I feel like I'm not myself lately. I feel like I wake up in someone else's body and go through their daily motions. I think about a lot and continued to be inspired by so many things, yet at the same time I'm not taking any action. I'm just going through the same motions of school and work. I'm keeping pretty busy with that, and I'm also in the process of applying to colleges. I'm terrified, to say the least. I'm scared that all of my worries of not being good enough will come true when the schools I actually want to go to reject me. I feel like once I'm in an environment that's stimulating, I'll finally have motivation to do things that make a difference. I want to find myself.
This week has been really off. I haven't done well on any of the exams I've taken today or yesterday and I still have two I need to study for that are tomorrow. I need to get out of this house, it's so distracting sometimes. I'm still on the quest to find some friends around here. I'm pretty lonely. I miss being able to call Ryan and tell him I'll be outside in 10 minutes or call people up just to go to coffee. Or to even be content just talking with someone instead of having to go out and do something to have company. I want to be able to hang out looking like shit and not cute at all because it doesn't matter since the person I'm with has seen me at my best and my worst. I also wish Corey lived closer. That would make things a lot easier, too. It doesn't help when the only other unrelated human being you have contact with lives 45-45 minutes away. Or fuck, I just wish that I even had a hobby or something.
I started volunteering at Silverado Hospice Center in Simi Valley. It's cool, I like spending my time doing something easy and productive while helping people out. I also think I'm going to start volunteering at the Simi Valley Samaritan Center. Its basically a homeless shelter that people can go to on a daily basis. I don't need hours for anything, it's just a good way to spend time I'd just be vegging out in front of the TV. I really like to help people I guess. It's one of the only things I really like about myself.

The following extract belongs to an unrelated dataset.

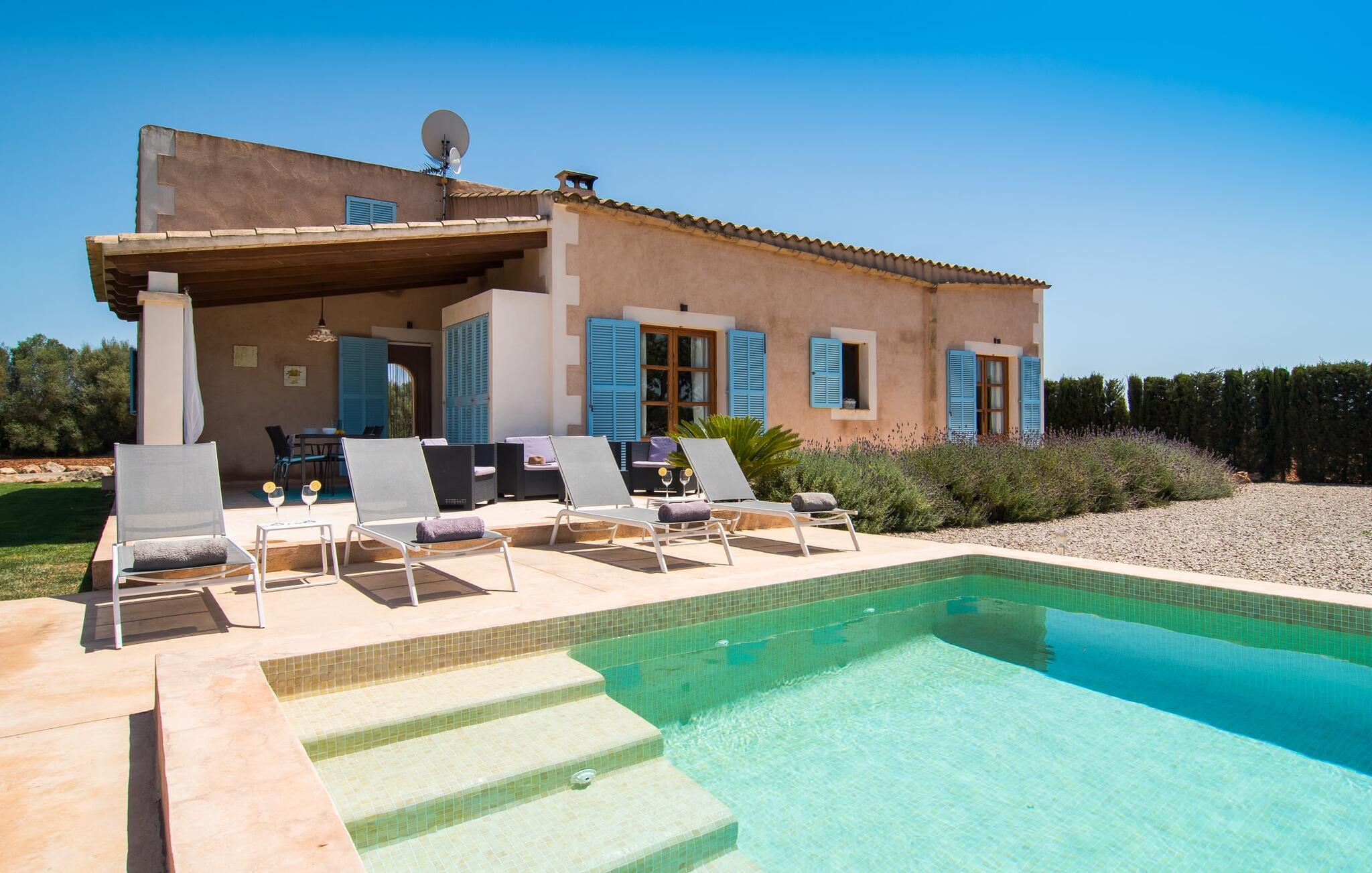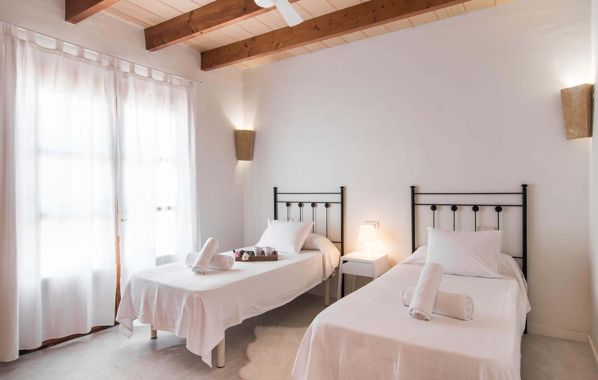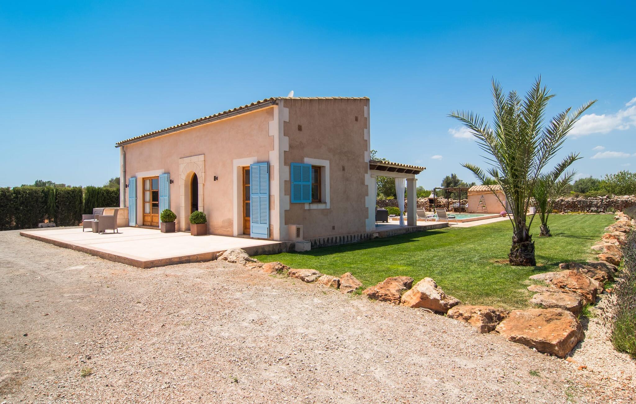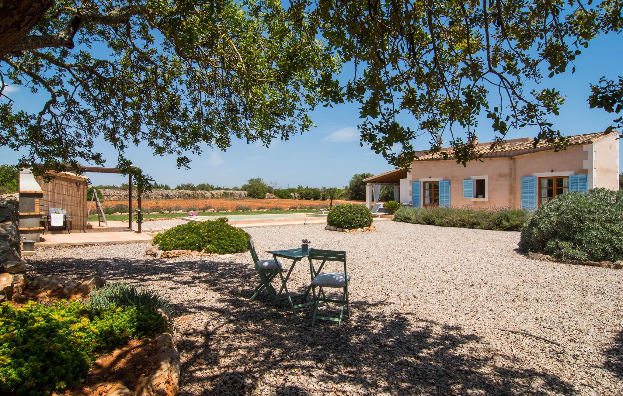 Den smukke feriefinca "Sa Tanca Gran" byder på plads til op til fire gæster. Det er omgivet af marker i det landlige lavland i det smukke sydlige Mallorca. Her er I helt for jer selv og alligevel er indkøbsmuligheder og smukke strande ikke langt væk. Det pæne, minimalistiske design af udendørsområdet inviterer jer til at blive hængende i timevis under middelhavssolen. Den vidunderlige pool er udstyret med liggestole og parasoller. Lige ved siden af huset er der en hyggelig, overdækket terrasse, hvor I kan nyde jeres måltider i skyggen. På den modsatte side af poolen er der en muret grill og endnu en solbeskyttet udendørs spiseplads under en pergola. Afhængigt af vindretningen kan der høres kørestøj i det fjerne fra landstedet, men det betyder også, at kystdestinationer som Cala D'Or eller Portocolom er let tilgængelige. Sommerhuset i stueetagen byder velkommen med en lys, smagfuldt indrettet opholdsstue. Rustikke elementer blev kombineret med moderne komfort. Det fuldt udstyrede køkken er integreret i en charmerende stue og spisestue i åbent plan med pejs. De to dobbeltværelser er udstyret med overskabe og kan nemt mørklægges med rulleskodder. Både soveværelserne og det primære opholdsrum er udstyret med aircondition. Et moderne badeværelse med bruser fuldender rummet. Feriehuset har stabilt internet og er også velegnet til hjemmearbejde. Ferieboligen ligger på det sydlige Mallorca, 6,5 km nordvest for Felanitx. Her finder I flere supermarkeder og indkøbsmuligheder. De nærmeste sandstrande Cala Murada, Cala Tropicana og Cala Marçal ligger omkring 25 minutter væk i bil. Aircondition er inkluderet i prisen i stuen fra 12:00 til 22:00 og i soveværelserne fra 22:00 til 06:00. Brug uden for disse tider vil blive faktureret kontant på stedet.

I also got a new MacBook Pro! My parents are so generous, I can't even believe it. I feel so bad they spent this money on me, but at the same time it was a hard deal to pass up. I will hopefully slowly repay them because I guess it just doesn't sit well with me. It's a huge jump going from a 12" computer to a 15" computer. I ordered a Pinder bag to carry it around in and I think I'm going to use a neoprene sleeve on top of that. I like this bag because it has a separate compartment for the laptop than for everything else, not just a built-in sleeve for the notebook.


I wasn't too crazy about the red & brown together, but I was more concerned with what it looked like from just the outside. Hopefully I'll like it when I see it in person. I read basically every review I could find about it online and they all gave it really high ratings. I hate ordering things online.
Well I guess I'm going to head to It's a Grind now and do some studying since I obviously can't concentrate on anything at home. I never get anything done here. Oh well. I hope everyone it doing well.